Но возвратимся к главной задаче этой статьи, то есть к рассмотрению тех полезных последствий, какие при деятельности и доброй воле можно было бы извлечь из несчастий, ознаменовавших прошлую неделю. Из всех частных предложений, помещенных в продолжение прошедшей недели, почти в каждом нумере нашей газеты, нам кажется самым практичным и вместе с тем самым необходимым — устройство команд из охотников. Позвольте, читатель, рассказать вам прежде всего один случай, за достоверность которого мы вполне ручаемся, доказывающий всю необходимость скорого устройства этих команд.

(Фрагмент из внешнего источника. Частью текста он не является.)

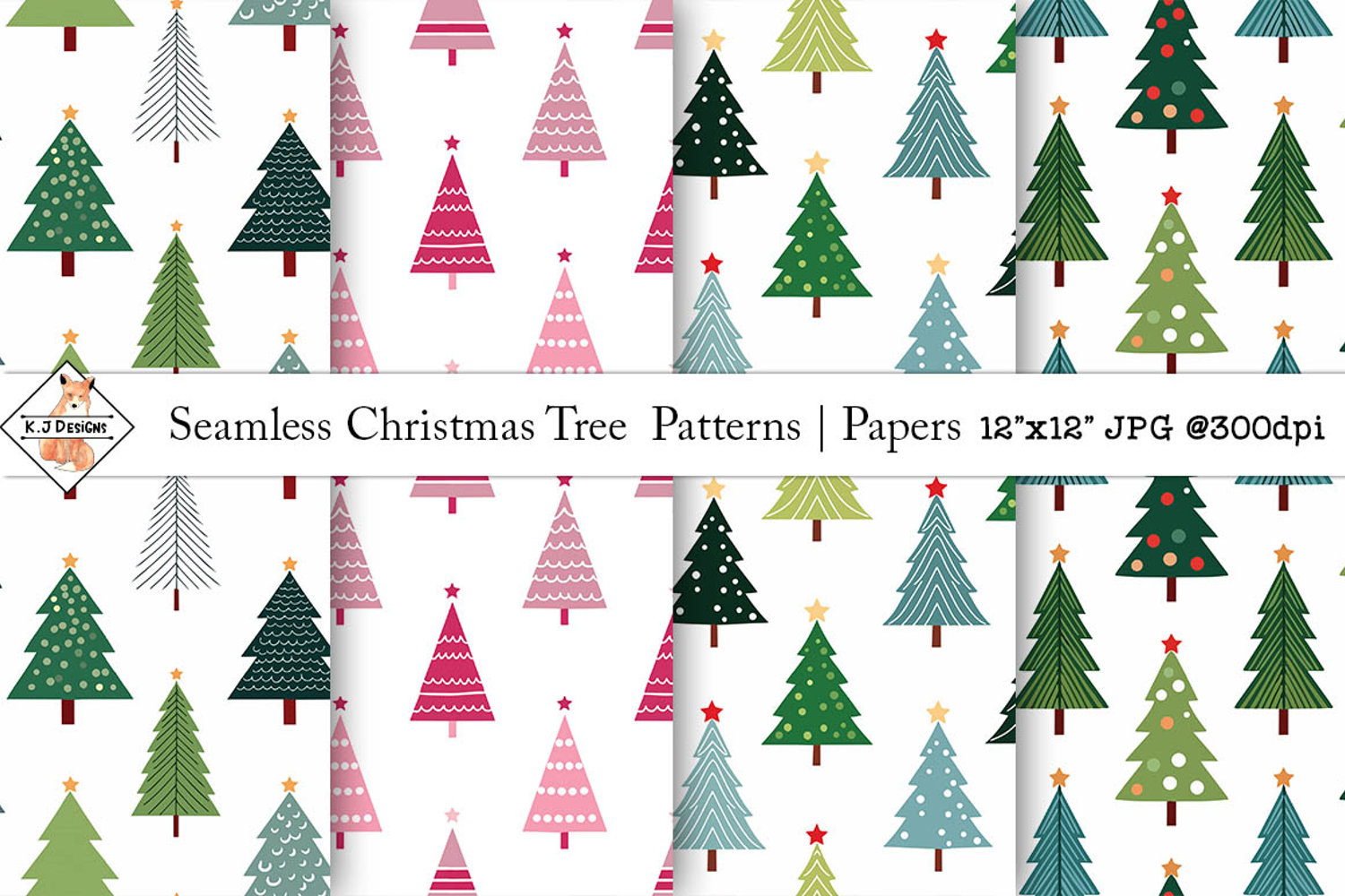 Seamless Pattern Digital Papers Scrapbook Papers Papers Christmas Papers Christmas Trees Seamless Christmas Tree Pattern Digital Papers

На днях, то есть не дальше как 3-го июня, в 8 часов вечера, г-жа Банн, жена чиновника, живущего в Рождественской части, пошла с братом своим, г. Львовым, на Коннную площадь для закупки сена и других хозяйственных припасов. Г. Львов, удалившись на несколько времени в магазин для размена двадцатипятирублевой бумажки, оставил свою сестру одну на площади. Через несколько минут подходит к ней неизвестный мужчина, если и не пьяный, то во всяком случае подававший своим поведением сильный повод заподозрить его в этом. При первых словах этого господина г-жа Банн отвернулась, подошла к близстоявшему гимназисту и заговорила с ним, чтобы таким образом показать подошедшему к ней мужчине свое полное нежелание вступить с ним в разговор. Этим, однако, наш герой не довольствовался. Подошедши второй раз, он схватил г-жу Банн за руку, оторвал у защищавшейся и испуганной женщины рукав ее пальто и громко объявил тут же собравшейся толпе народа, что он считает эту даму подозрительным лицом и поджигательницею! Можно себе представить положение бедной женщины, беззащитной и одной посреди толпы народа, взволнованного событиями последних дней, которую обвиняют в поджигательстве!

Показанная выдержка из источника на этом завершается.